Воскресенье, 19 мая, 14.35
Спуск казался бесконечным. Цепляясь за скользкие грязные перекладины лестницы, Тринитэ двигалась вниз со скоростью улитки. Однако слабое пятно света у нее над головой было уже неразличимо — вокруг царила сплошная тьма.
— Какая же здесь глубина? — наконец спросила она у Сильвена.
— Метров двадцать, — послышался глухой раскатистый голос из какой-то, казалось, недостижимой глубины. — Примерно как в тех подземельях, по которым мы шли прошлой ночью…
«Да, но прошлой ночью мы прошли через огонь и воду… нацистский бункер, полчища крыс, туннель метро… а по выходе — наводнение…»
Напрасно Тринитэ называла свои страхи по именам, словно пытаясь их заклясть, — они не исчезали. Она посмотрела вниз, но не увидела даже собственных сапог.
— Эй, ты спускаешься? — окликнул ее нетерпеливый голос Сильвена, на сей раз идущий словно из самого центра Земли.
— Да, да! — отозвалась с раздражением Тринитэ.
Она попыталась ускорить движения, но почти сразу оступилась и потеряла равновесие. И вдруг ее пронзило резкое ощущение холода.
— Осторожно, вода ледяная! — произнес Сильвен рядом с ней.
«Ну наконец-то!..» — подумала Тринитэ с облегчением, несмотря на ощущение, что ее ноги почти до колен вмерзли в толщу льда.
Что ж, по крайней мере, теперь они были внизу. В абсолютной, непроглядной темноте.
Девочка инстинктивно подняла голову — круглое отверстие колодца, через которое едва пробивался свет, казалось бледной луной в туманной ночи.
Тринитэ нащупала укрепленный на ремешке налобный фонарик, найденный среди спортивного снаряжения отца, и с трудом включила его негнущимися пальцами.
— Эй, осторожнее! — недовольно произнес Сильвен, заслоняя ладонью глаза.
Впрочем, слабый свет фонарика уже в двух шагах от них почти не позволял что-либо различить. Дальше все тонуло в мягкой густой темноте подземной ночи.

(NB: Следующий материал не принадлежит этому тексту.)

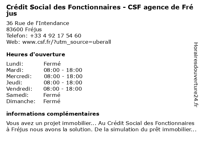 Termes de recherche pour Crédit Social des Fonctionnaires - CSF agence de Fréjus:de, frejus, des, agence, crédit, social, fonctionnaires, csf |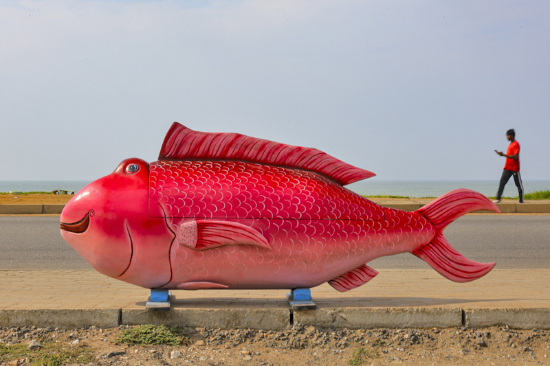ACCRA, GHANA – Seekor ikan merah jambu gergasi, burung merak berwarna-warni, kapal terbang yang dicat dengan bendera negara. Kesemuanya hanyalah sebahagian daripada keranda fantasi Ghana, yang dikenali sebagai Abebuo, yang diterjemahkan kepada ‘peribahasa.’

Но Тринитэ, немного приободрившись, стала осторожно перемещаться на освещенном пятачке, поворачивая и запрокидывая голову, и вскоре разглядела сводчатый коридор, уходящий в темноту, — должно быть, по нему и тянулось русло протекавшей здесь некогда реки.
— В это подземелье ведет и спуск из хижины Любена? — спросила она.
Сильвен наклонился, зачерпнул пригоршню воды и поднес ее к губам.
— Судя по всему, да, — ответил он после недолгого сосредоточенного молчания.
— И вы действительно думаете, что мы пойдем через этот коридор, по колено в воде? А ведь она, возможно, будет прибывать…
При мысли об этом Сильвен застыл. Затем попытался призвать на помощь свой профессорский авторитет.
— Бьевра исчезла сто лет назад, — произнес он немного более жестко, чем подобало в данном случае, — как будто признать нынешнее существование Бьевры означало бы убить всю романтику воспоминаний о ней. — В районе предместий вода в ней еще сохранилась, но с начала двадцатого века до Парижа она не доходит.
— По официальным сведениям, — заметила Тринитэ, входя в коридор. — Но откуда берется вот эта вода?
Однако Сильвен стоял на своем:
— Сточные воды, грунтовые воды, да неважно что… Для нас сейчас главное — повторить маршрут белых обезьян.
Удивленная переменой тона профессора, Тринитэ лишь спросила:
— Вы хорошо здесь ориентируетесь?
— Надеюсь, что да, — пробормотал Сильвен. Некоторое время он оставался в нерешительности, затем повернул налево.
Тринитэ решила больше ничего не говорить, а заодно поменьше размышлять. Но воспоминания о прошлой ночи постоянно приходили ей на память.
«Главное — не думать о крысах!»
Однако любой, даже самый слабый звук — капающая вода, шорох собственной куртки, отдаленный шум от проносящегося где-то над головой поезда метро — заставлял ее вздрагивать.